| name | shared-config-rollout |
| description | Roll out releases of shared personal packages, config packages, lint/style configs, Raycast clients, Codex skills/config, or other reusable tooling to downstream local repositories. Use when Codex releases or updates a shared package and should find dependents, bump dependency versions, run lint/checks, apply required style or API fallout fixes, commit, and push the downstream updates. |
Shared Config Rollout
Keep shared tooling generic at the source, then update its dependents explicitly. Do not put downstream repo names, environment-specific setup, or local rollout policy into the shared package's README, config, AGENTS.md, or lint guidance unless that package actually owns those details.
Workflow
-
Verify the source update is real.
- Confirm the release, tag, registry version, or local package artifact that dependents should consume.
- Classify the release impact before touching dependents. Roll out downstream dependency bumps for exported config, runtime, API, or generated-output behavior changes. Do not churn dependents for docs-only, README-only, release-metadata, or source-repo check-tooling changes unless the user explicitly asks.
- If the source package is dotty-managed config or generated Codex output, update tracked sources first and run
dotty update before rolling it out.
-
Discover downstream dependents.
- Start with local checkouts and narrow package identifiers:
rg '<package-or-config-name>' ~/src -g 'package.json' -g 'bun.lock' -g 'pnpm-lock.yaml' -g 'yarn.lock' -g 'package-lock.json' -g '*.config.*'
- Include user-specified roots before broadening the search.
- Prefer local checkouts over remote code search. Use authenticated GitHub search only when local repos are missing or stale.
-
Update each dependent repo separately.
- Read its
AGENTS.md or local contributor instructions first.
- Check
git status --short --branch; do not mix unrelated dirty work into the rollout.
- Use the repo's package manager to bump the dependency and lockfile.
- For local pre-release JS/TS config probes, put any temporary config inside the dependent repo so module resolution matches the consumer, ignore the probe file itself, and remove it immediately after the check.

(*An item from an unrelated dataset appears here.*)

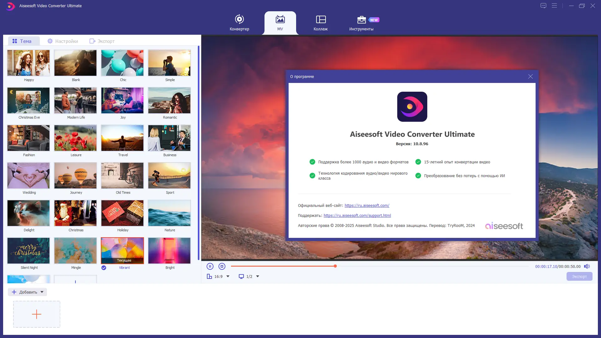 Aiseesoft Video Converter Ultimate — это многофункциональный мультимедийный инструмент, предназначенный для обработки видео и аудио. Он позволяет конвертировать контент в форматы, совместимые с широким спектром устройств, включая мобильные гаджеты, игровые приставки и проигрыватели. Программа поддерживает работу с высоким разрешением, включая HD и 4K UltraHD, что делает её удобной для современных задач.
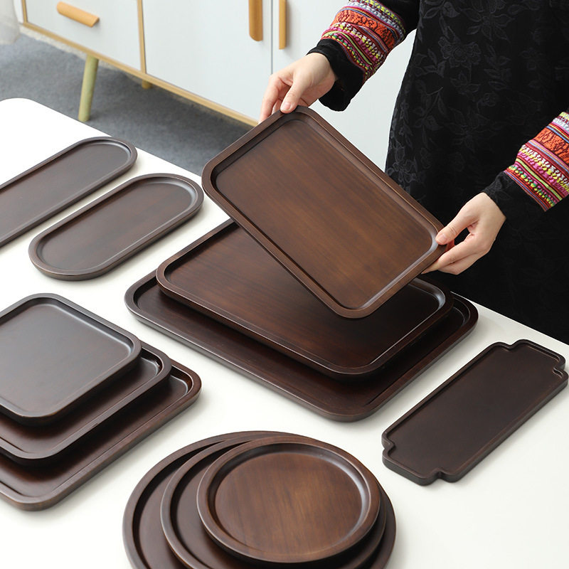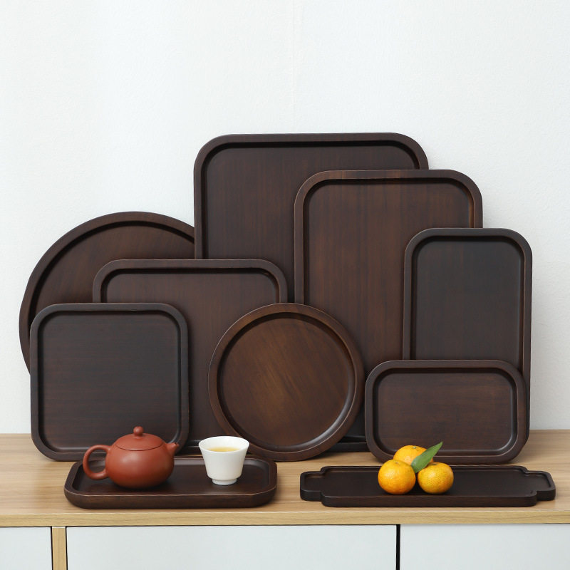 Японский стиль бамбуковый дровяной поддон для чайного поддона с темной чай

- Run the smallest relevant verification first, usually lint, then the repo's full check if the dependency changes behavior.
- Fix only fallout caused by the new shared package version. Let strict configs improve code, but keep edits scoped.
-
Commit and push according to each dependent repo's workflow.
- Use conventional commits.
- For dotty-managed repos, run
dotty update after tracked config or skill changes and finish with commit and push to main.
- For laptop dotfiles repos, use
gpush instead of raw git push.
- If a dependent repo requires PRs or branch workflows, follow its local instructions instead of pushing directly.
-
Report the rollout state.
- List the source version released or consumed.
- List each dependent updated, verification run, commit pushed, and any repo skipped. If the release was not rolled out because it did not affect consumers, say that explicitly.
- If auth, CI, or package registry setup blocks rollout, state the exact blocker and the next action needed from the user.
Boundaries
- Keep shared package docs and config work-agnostic unless the package itself is intentionally specific to one environment.
- Keep personal rollout knowledge in personal dotfiles skills or scripts, not in downstream package guidance.
- Keep environment-specific rollout knowledge in the later config layer that owns it.
- Do not create permanent repo manifests unless the user asks; a local discovery pass is enough for normal rollouts.